Using the below command extracts each URL.

tcpdump -r dopefish_labyrinth.pcap -A |grep “GET /” |grep -o “/.*” |sort –u

The general breakdown of the URL is as follows:


Dropping the URL into an online URL parser shows that the query string being supplied to the file is the entire string after the initial “?”, which seems odd since there appears to be other variables in the URL.


Further analysis shows that the URL is not correctly formatted as “?” and “=” are reserved characters. When they are placed next to each other, without variables in-between, the rest of the URL becomes invalid.

Looking at the query string starting with “=” and the above hint with a reverse base64 string beginning with the same symbol, I try to base64 decode the reversed string…which works, but the output is of no use.


After taking a closer look at the URLs, I noticed there are definite patterns that stand out in the characters, but “NxM” continues to repeat itself roughly every 18 characters. More importantly, the NxM pattern that is seen in the first long string and the long string directly following the “&L4bry1nth_[0-9]{3,5}?” section of the URL. By removing this and putting the two long strings together, reversing it, and base64 decoding it, we get much more usable results.



Continuing to build on our previous line, we wrap it in a for loop and parse out only the two halves, reverse them, and print the result.

for i in $(tcpdump -r dopefish_labyrinth.pcap -A |grep “GET /” |grep -o “/.*” |sort -u |cut -d”=” -f2 |cut -d”-” -f1 |sed -e ‘s/&L4bry1nth_.*?//g’); do echo “=$i” |rev |base64 -D ; done


There is a very apparent pattern in the output.
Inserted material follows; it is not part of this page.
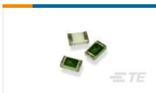
TE Part #6-1879215-6 CPF 0402 22K1 0.1% 25PPM 1K RL
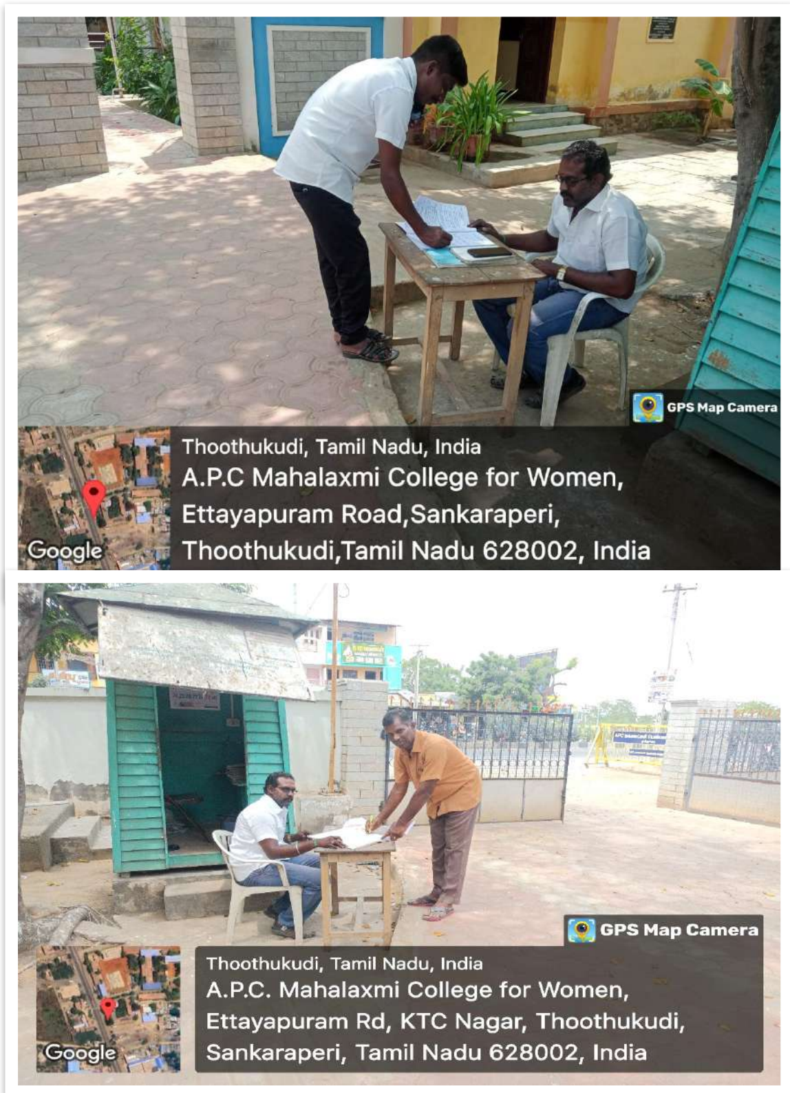
Gated secured entry point – Restricted entry of people inside the campus

The last step we take is to add one more command to our line and strip out the “317”, which turns out was the “NxM” from the URL.

for i in $(tcpdump -r dopefish_labyrinth.pcap -A |grep “GET /” |grep -o “/.*” |sort -u |cut -d”=” -f2 |cut -d”-” -f1 |sed -e ‘s/&L4bry1nth_.*?//g’); do echo “=$i” |rev |base64 -D ; done |sed -e ‘s/317//g’


The key is PAN{th3D0p3fshl1v3s}.

Threat 2 Challenge: The rest of us, we died with our honor.

Challenge Created By: Micah Yates @m1kachu_

The hint is referring to this awesome web-comic.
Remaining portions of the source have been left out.